What difficulties does the historian encounter when trying to learn about the 
experience of play going for those below the social elite before the Civil War?



"King Lear", "A Midsummer Night's Dream", "The Tempest", "Tamburlaine", "Doctor Faustus", the works of arguably the two greatest Elizabethan writers of drama, William Shakespeare and Christopher Marlowe, still survive today and enjoy immense popularity. With very little effort it is easy to imagine the Elizabethan and Jacobean stage; to visualize their costumes and hear the voices of long dead actors, perhaps even to hear the roar of laughter at the antics of Puck or Stephano, or feel the tense silence as Lear emotionally holds his dead daughter Cordelia. All this is possible, and yet the audience, those who filled up the auditorium, those who the actors performed too, and the playwrights wrote for, remain but a ghostly substance, shrouded in the mystery of time. Where they;

 "...ignorant or intelligent, riotous or refined, libertine or law-abiding, plebian or privileged ?" (1)

Penetrating this distant world is far from easy and discovering the true nature of the Elizabethan, Jacobean audience perhaps impossible. Yet fragments of this lost world remain, and although many pieces may be lost, it is possible to put the rest together again and thus get some idea of what the whole looked like. When trying to determine the nature of plebian play going in England before the Civil War, it is perhaps necessary to concentrate on the period 1576 to 1642. Before 1576 there were no great "public" theaters as such, the first being built in 1576. Before then, players performed where ever they could, in streets or in halls.

One rather overwhelming problem that immediately arises for the historian when trying to learn about the play going activities of those below the elite, is the sheer lack of sources for those areas outside London. This means that most studies of the theater in this period are confined to this city. Therefore, it must be remembered that it is always a small percentage of the entire population of England that is being referred to. There were theatrical activities outside London, but London was the center - it still is today. In this respect therefore, London was unique, and this form of Popular Culture only accessible to those within easy distance of the city. Neither are the London masses typical of the masses in general, for the Capital was economically, as well as culturally, ahead of the provincial counties.

The difficulty for the historian does not lie so much in the lack of references made to the theater audience, they are plentiful indeed, as Alison Cook states;

 "A wide assortment of sermons, official complaints, regulatory documents, diaries, letters, and foreign travelers accounts, as well as passages from plays and other works of literature, all refer to the audiences." (2)
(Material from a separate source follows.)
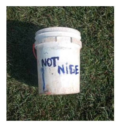
Figure 4. 20: "Not nice" label on a water bucket

Furthermore, a sense of rebellion was depicted by the label "not nice" that was also written on a water bucket as per figure 4.11.

And some things such the cost of entry and how it depended on where one desired to sit (or stand) can more or less be taken as fact, but these sources give very little insight into the actual "experience" of play-going, especially for those below the social elite. Indeed this is not a problem exclusive to studies of play going, it is very difficult for the historian to learn about plebian lifestyle in general. Perhaps this proliferates the problem. Such sources do not reveal why people went, what they actually got out of the plays, what the environment was really like, or the frequency of visits. For such information, diaries are invaluable, as Gerald Eade Bentley states;

 "One of the most promising sources of information about Elizabethan theatrical history is the private diaries and letters which have survived the house clearing raids of three centuries." (3)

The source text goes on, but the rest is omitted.